In many ways it was miraculous that such an uninspiring and corrupt figure with so little to offer would stay in power for such a long time.

However, rather than proving stable, his regime eventually showed itself to be moribund and Mubarak's authoritarianism and promotion of inequality and corruption proved to be a key factor in the emergence of the 2011 movement which overthrew him, with its slogan, "Bread, Freedom, and Social Justice".

In terms of foreign policy Mubarak aligned Egypt firmly with the US, proving to be pliant and subservient to the global superpower as Egypt became dependent on US aid.

He maintained the peace agreement with Israel that Sadat signed but initially refused to visit Israel and discouraged cultural exchanges and normalisation.

By 1989, Egypt was welcomed back into the Arab fold and its suspension from the Arab League was lifted.

Mubarak sent Egyptian troops to the Gulf in 1990 to take part in the first US-led war against Iraq and liberate Kuwait. He was rewarded with debts owed by Egypt to the Gulf states being forgiven.

However, later on in reign, he became a hate figure in the Arab world when he collaborated with Israel during its siege of the Gaza Strip, which began in 2007.

He was believed to have tacitly endorsed Israel's deadly 2008-09 war against Gaza.

While Mubarak has now passed away, the system he nurtured lives on and is more vicious than ever.

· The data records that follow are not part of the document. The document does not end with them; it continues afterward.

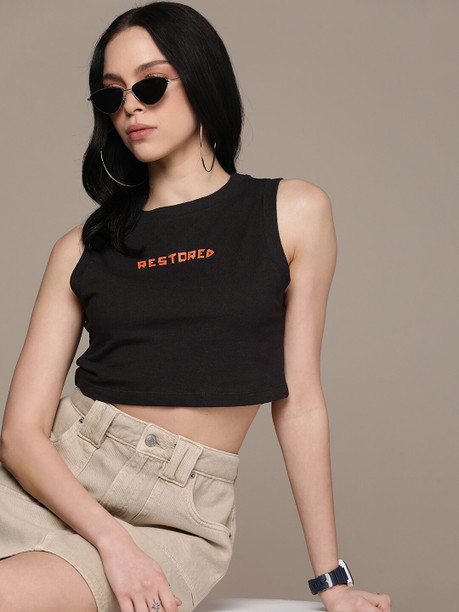 Women Printed Round Neck Cotton Blend Black T-Shirt
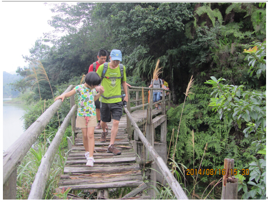 (图六)我们行进在通往梅雨潭的小木桥上
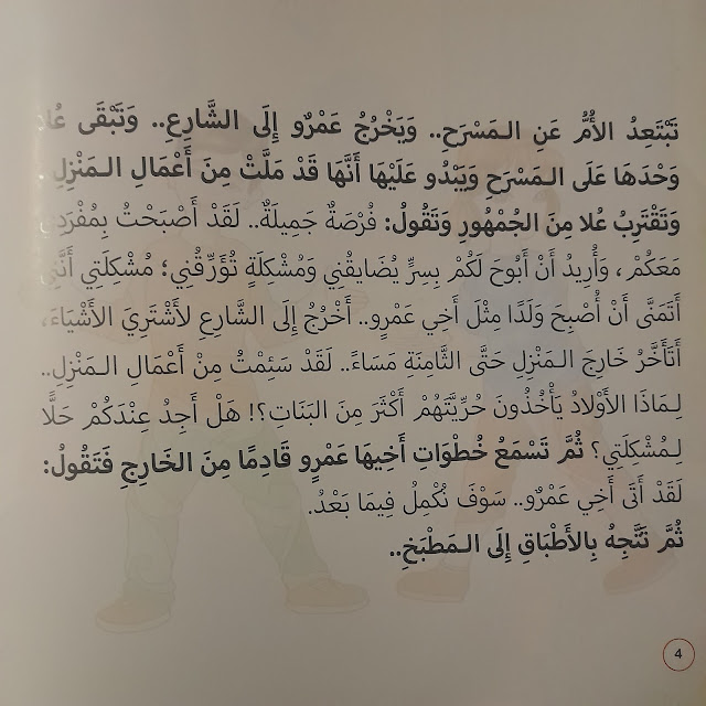 ثم تسمع خطوات اخيها عمرو قادما من الخارج فتقول لقد اتى اخى عمرو سوف نكمل فيما بعد ثم تتجه بالاطباق الى المطبخ
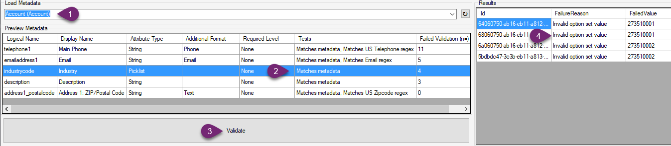 - View the list of rows that failed the validation (Fig. 1, Pt. 4)
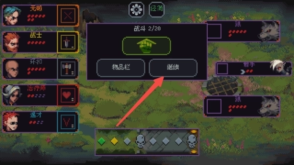 击败一个小回合的敌人后点击继续;
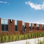An intensive green roof with a mixture of sedum and native prairie grasses planted in 6 inches of soil covers more than 30 percent of the roof area. The remaining surface is a built-up roof that drains through the three large reclaimed woodclad scuppers, which divert rainwater into a trio of above-ground cylinders fashioned out of 1/2 inch-thick rolled Cor-Ten steel. Each of the drums is 24 feet in diameter, and filled nearly to capacity with taconite rock.
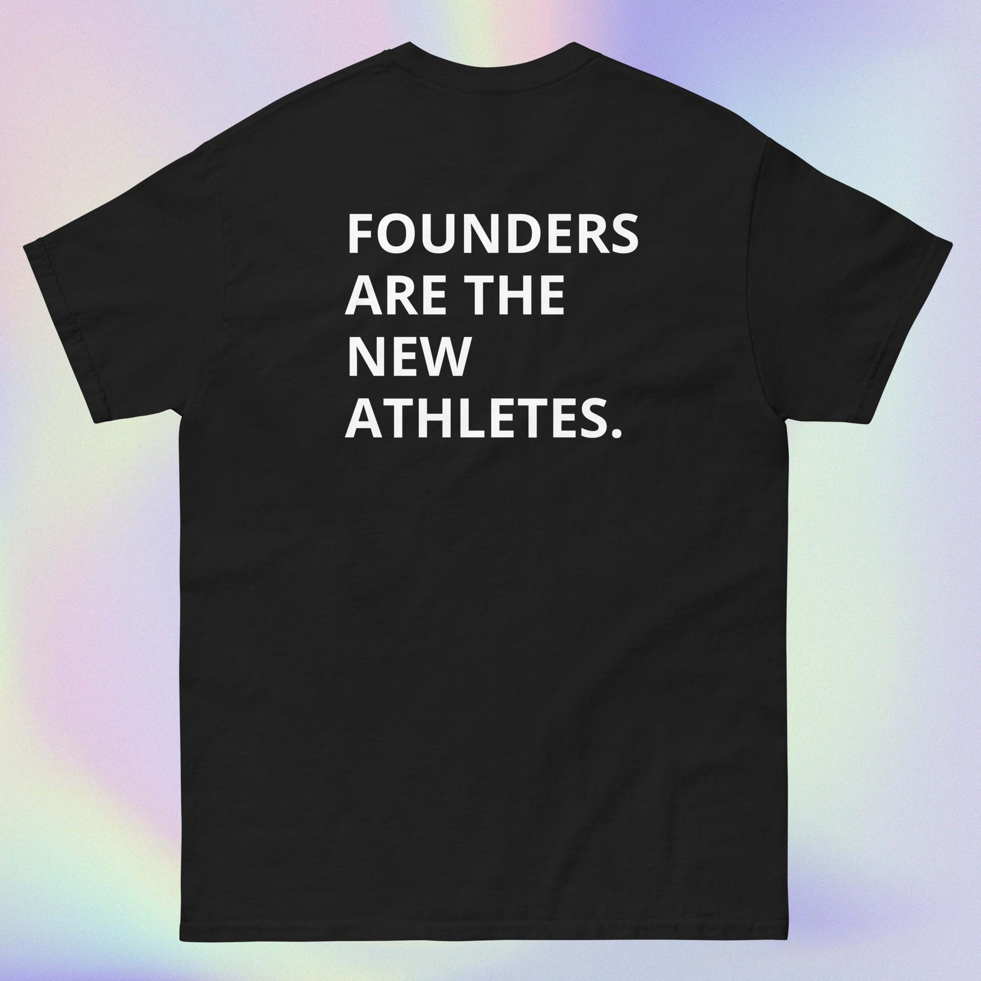 The FATNA Tee in Black features our Emblem logo embroidered on the left chest and our bold FATNA phrase “Founders Are The New Athletes” printed across the back.
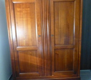 Voici une armoire 2 portes en merisier doré, massif de style Louis Philippe. L'aménagement intérieur est de 3 étagères sur toute la largeur. les étagères sont modulables étant mon
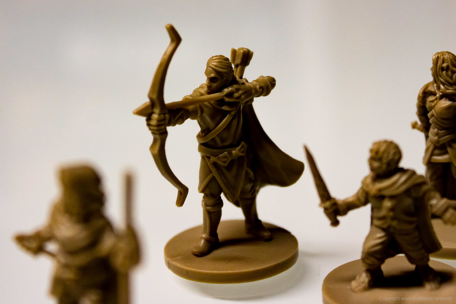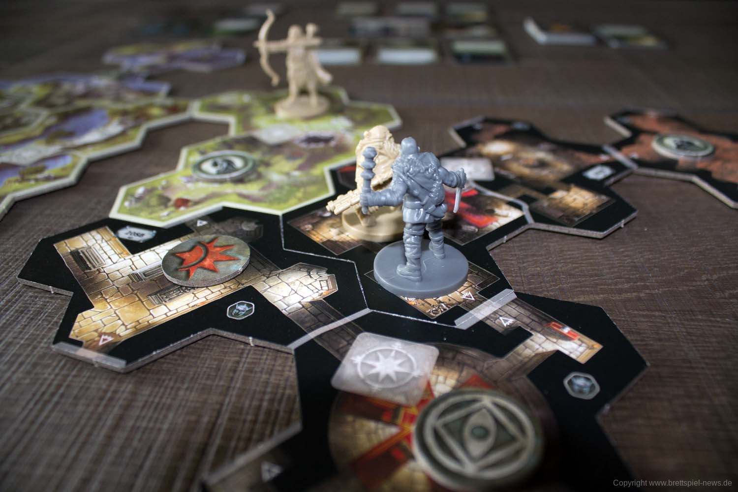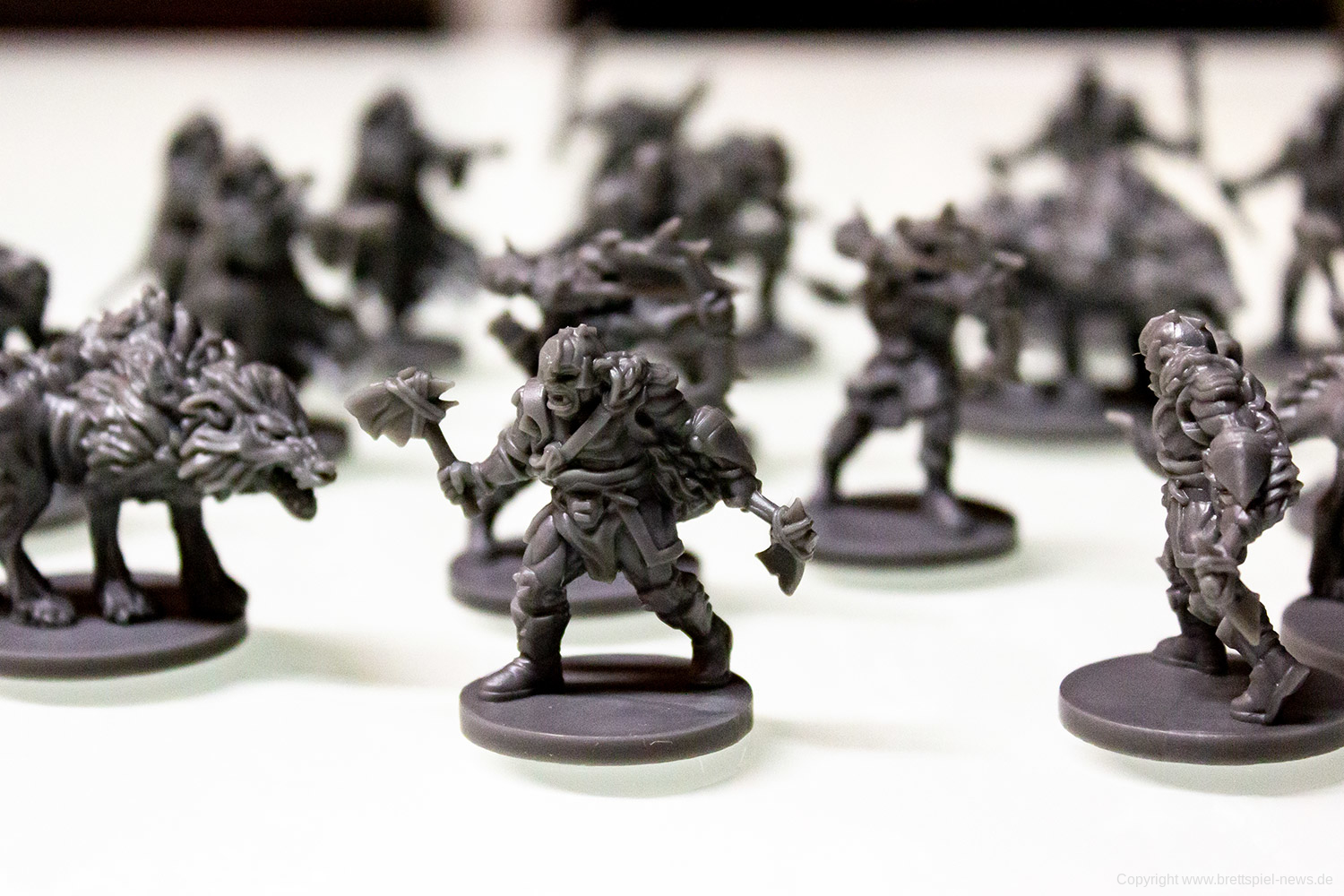 Der erste Eindruck vom Spielmaterial ist schon mal mehr als gut. Die Miniaturen sind ausgesprochen gut geworden, auch wenn der erste Eindruck im Beutel statt im Sortierkasten etwas anderes andeutete. Ansonsten sind die üblichen Karten und Spielmaterial enthalten, die dem Fanatsy-Flight Standard entsprechen.

Mubarak's democratically elected successor Mohamed Morsi was overthrown in 2013, after only one year in office by the bloated and corrupt army which propped up Mubarak's rule.

Mubarak was charged with involvement in the killing of protesters after the 2011 revolution but was acquitted of all charges in 2017.

In prison, Mubarak reportedly received "royal treatment" in contrast to his hapless successor Morsi, who died at the age of 67 in a courtroom after suffering deliberate medical neglect.

While Mubarak ceased to be president of Egypt nine years ago, the system he created survived the revolution which overthrew him and is likely to remain for a long time to come.